ZoL like it or not being CDDL only license is in no different location than Nvidia/GPFS due to be an incompatible license. This means you need to apply for GPL flag symbols to be changed. Newly added features will either be __ what is for internal Linux kernel usage only or GPL symbols either way without putting in request to LKML you should not be using them.
The fact you don't have a wrapper/shimming is part of the cause of some of the extra duplication.
Reality there is no real different in issues and handling between something like ZoL that is open source and something like the Nvidia binary blob with wrapper both are case of incompatible license so require performing the same set of procedures.
Really stop thinking that you can just get Linus, Greg or other lead developers to agree. What is need is for you to learn the processes you need to-do. Either work how to become Linux kernel license compatible to be merge mainline or bite the big one and except you need to make shim/wrapepr or(or/and) negotiate for particular symbols to be changed from GPL exports to normal exports based on need not want.
Lose the idea that Open Source is import point. The most important point is legal license compatibility by one means or other without this you will always run into trouble.
I was going to lock this thread to contributors only but it appears some people don't have the permissions, so I'm going to unlock it again. I would like to ask that if you are not actively contributing to the project, to please use IRC or the mailing lists, as armchair commentary only clogs up github. Thank you.
While I agree that the discussion will be most productive if restricted to the community members that are actively (or semi-actively as I admit my activity lately has been low) involved in the development of OpenZFS, I think that if there is a viewpoint that has not been voiced, then it is a good thing for it to be said for consideration. However, I ask that people who are not directly involved with development have discussions in places like IRC about whether there is more to add before posting here to minimize clutter.
Anyway, I am still waiting on a reply from Linus. It might be that he is not interested in having that discussion right now. In that case, it would be up to him when we could begin discussion and this will stall until then. There is no way that we are going to do any of this unless Linus is willing to give us a path to mainline to justify both the legal review and technical work needed to achieve that.

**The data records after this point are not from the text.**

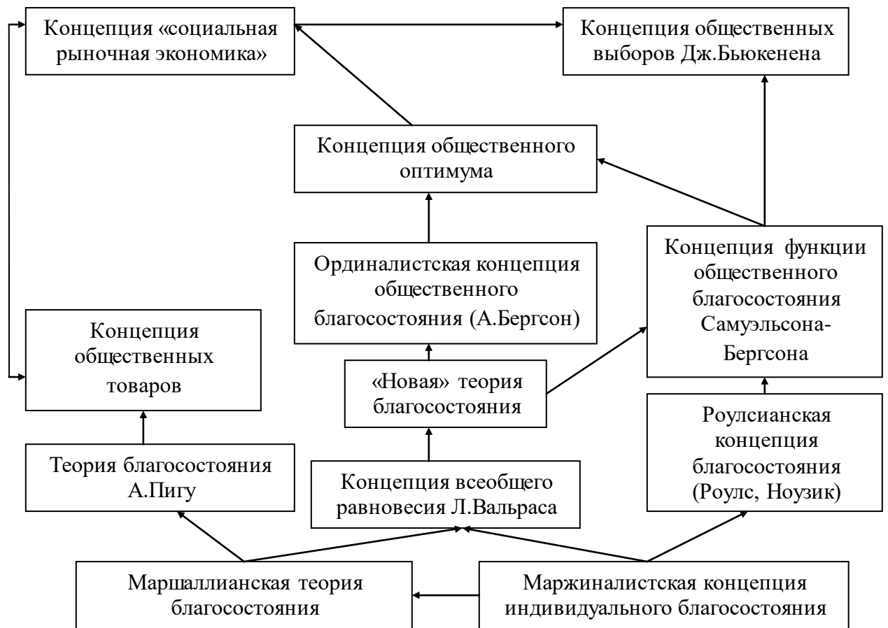
Схема 1 5 .

Представление о содержании понятия «благосостояние» исторически развивалось параллельно изменению процессов общественного воспроизводства. На вышеприведенной схеме мы можем увидеть эволюцию развития теорий благосостояния, которая построена по хронологическому принципу, и сгруппирована в зависимости от смены стадий общественного производства и исследовательских парадигм, а также с учетом подходов к трактовкам в определении категории благосостояние, которые были наиболее близки тем или иным ученым в определенный период времени.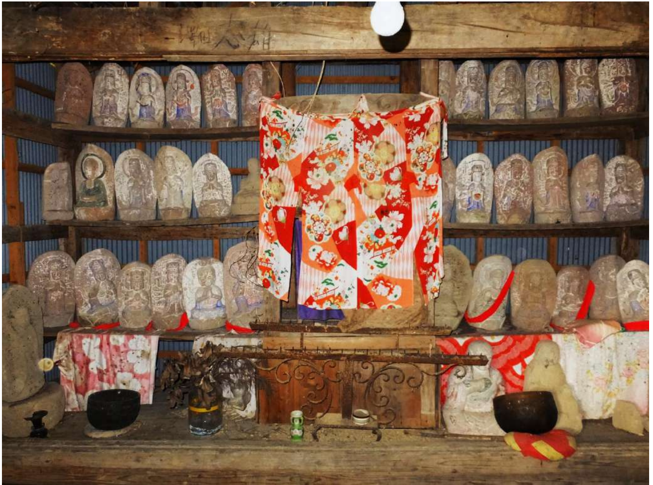
笠破観音堂の石仏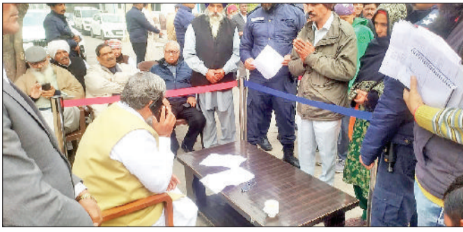
अंबाला। अपने आवास पर लोगों की शिकायतें सुनते गृहमंत्री अनिल विज।

उसके घर में चोरी हो गई थी। इस बारे में उसने पुलिस में शिकायत भी दी थी लेकिन पुकारवाई नहीं हो रही है। गुरुग्राम से आए एक प्राइवेट डॉक्टर ने बताया कि उसने एक प्राइवेट अस्पताल खोला था। जैसे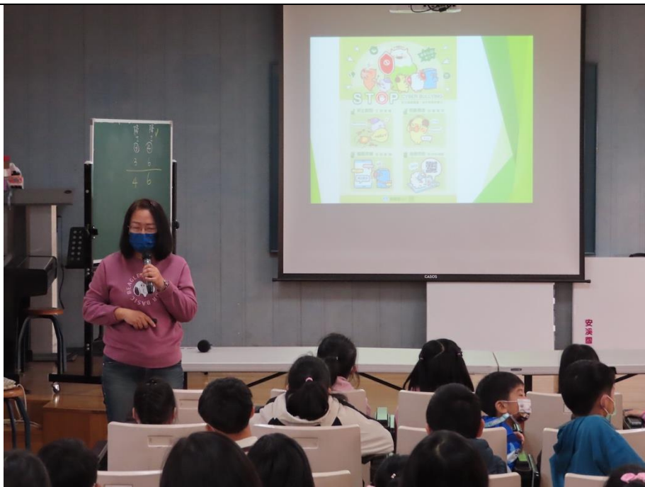
說明 2：友善校園宣導~對抗網路霸凌處理方式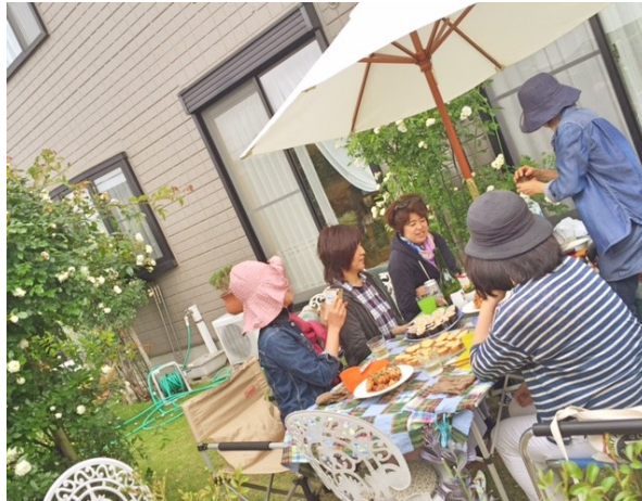
薔薇の中でいただくお料理は美味しい！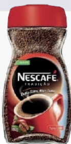
NESCAFÉ *12 UNI 160 GR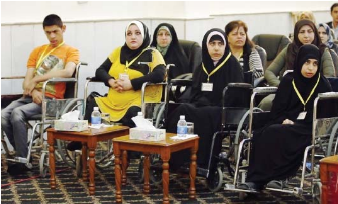
ذوو الاعاقة شرحة مهمة في المجتمع "ارشيف"

الانضمام بالانظمة والتعليمات و هدف الوزارة هو اصلاح ومبارحة الفساد الازاري والتي، سيما ان الفساد مستمر في تدعيم يد العيون لجميع الفئات المستضعفة في المجتمع.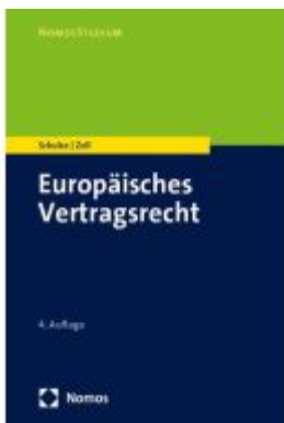
Europäisches Vertragsrecht Ladenpreis: 27,70EUR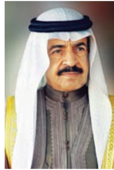
● سمو رئيس الوزراء

وجه صاحب السمو الملكي الأمير خليفة بن سلمان آل خليفة رئيس الوزراء إلى ضرورة إزالة أية عراقيل أو بيروقراطية تؤثر على التنافسية الاقتصادية البحرينية، وتذليل أية عقبات تعترض طريق الانفتاح التجاري والاقتصادي، وأكد سموه أن الحكومة تحرص على المحافظة على اندفاع النشاط التجاري والتوازن بين مصالح التجار وحقوق المستهلكين.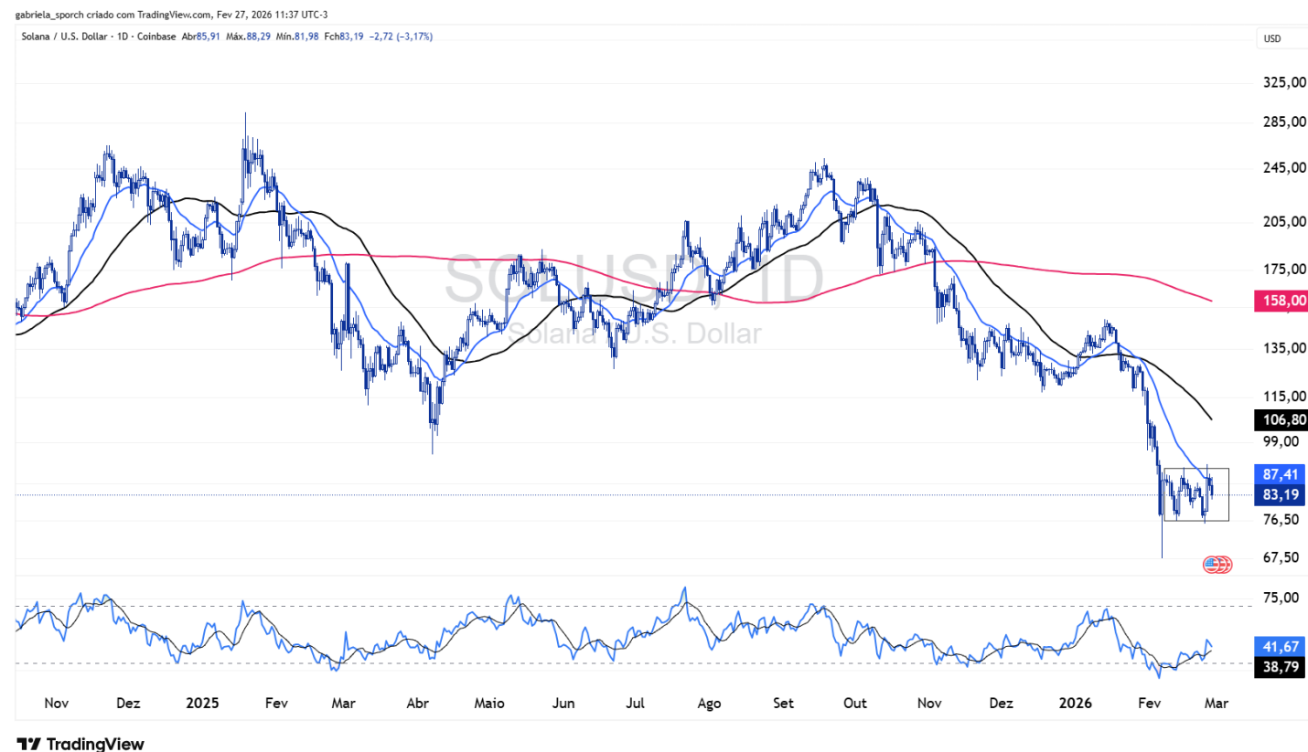
Figura 2 – SOLUSD (gráfico diário)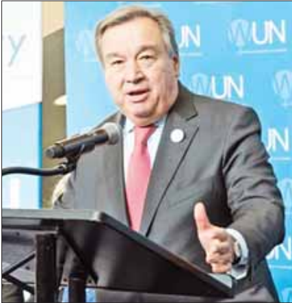
ကုလသမဂ္ဂ အထွေထွေအတွင်းရေးမှူးချုပ် အန်တိုနီယိုဂူတာရက်စ်

စက်တင်ဘာ ၂၉ ရက်ကလည်း အနောက်မြောက်ပိုင်းပြည်နယ် ခိုင်ဘာပတ်ထွန်ခါပြည်နယ်၌ ဘာသာရေးအဆောက်အအုံတွင် အသေခံဖောက်ခွဲမှုကြောင့် ငါးဦး သေဆုံးကာ ၁၀ ဦး ဒဏ်ရာရရှိခဲ့သည်။ ဆင်ဟွာ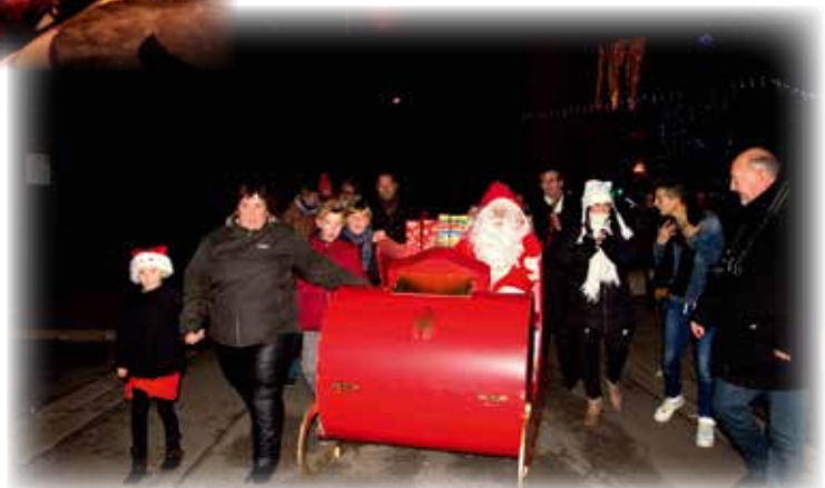
L'arrivée du Père-Noël en traîneau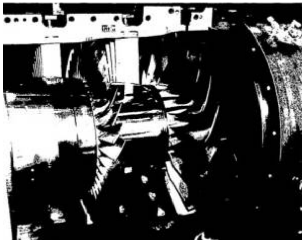
Fig. 1 https://ntrs.nasa.gov/citations/19790018972 p.119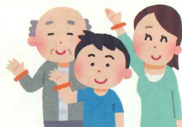
オレンジリングは 認知症サポーターの証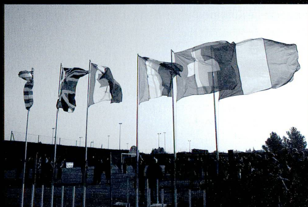
Fierté de voir notre drapeau dans le ciel lors de la cérémonie finale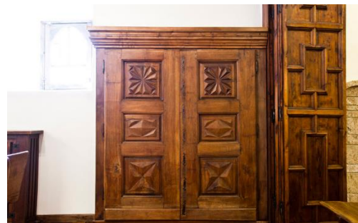
Fotografía 8. El armario con las siete llaves al crearse la parroquia de Escaldes-Engordany. Ilustración del libro Casa de la Vall, De Casa Pairal a Seu del Consell General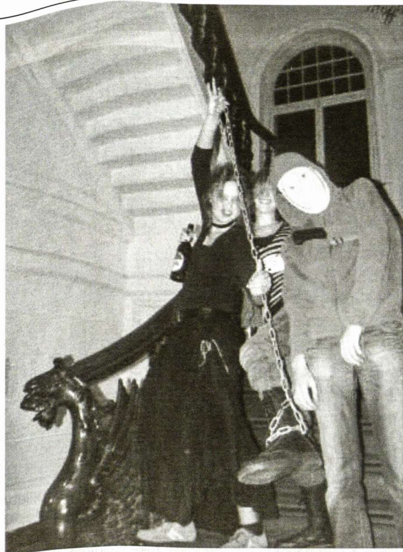
Suvažiavime Jūsų lauks ir daug netikėtumų (Nuotraukos iš pereinusių metų suvažiavimo)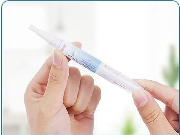
1. دندان های خود را مسواک بزنید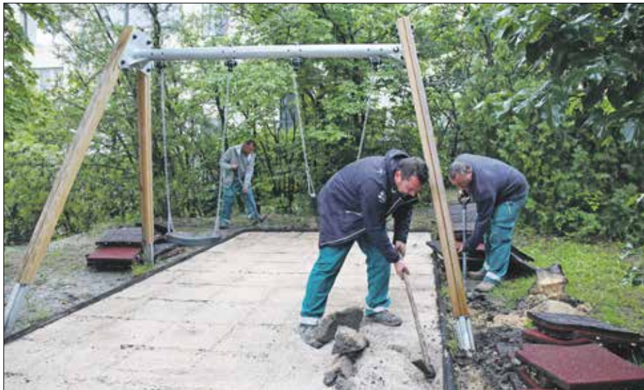
A környékiek javaslatainak figyelembevételével épül újjá a Tállya utcai park

és a parkoló rendezése sem marad el. Az invazív bálványfák helyére őshonos növényeket ültetnek a szakemberek, valamint a környezeti fenntarthatóságot szem előtt tartva ökológiai alapú csapadék-víz-kezelést valósítanak meg. A KIMBI Óvoda saját gondozású kiskertet kap, míg a felső részén,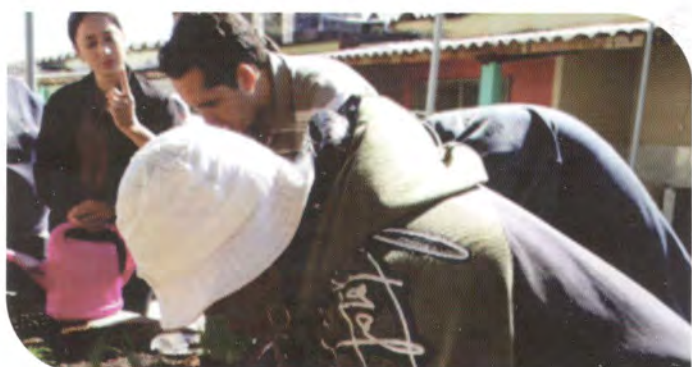
O colaborador da COOMAP ensina aos alunos da APAE as técnicas para o cultivo de hortaliças.

If it turns out that the plan fails legal review (as Andreas likely believes it will), then at the very least, we will have tried, and hopefully, the establishment of a willingness to work together would achieve the outcome that Andreas suggested to be realistic. In any case, I think we should try to engage in dialogue. Having certain individuals reply with hostility every time ZFS is mentioned on the LKML under the status quo is ridiculous. Given the CoC changes at mainline, this ought to be a good time to try resolving that.
Strategy question: Can someone build a business case for going into the mainline? Personally, I see no advantage, but lots of disadvantages.
Tactical question: There is an effort underway in many open source projects to try and prevent companies, like Amazon, from monetizing products built on their projects. These will fail, but the collateral damage is an invasion of the license-Nazis. Therefore, to inoculate this project, it may be necessary to reduce exposure to Linux kernel dependencies. This is also inefficient and arguably poor code management, but it prevents problems that occur when others change their interfaces.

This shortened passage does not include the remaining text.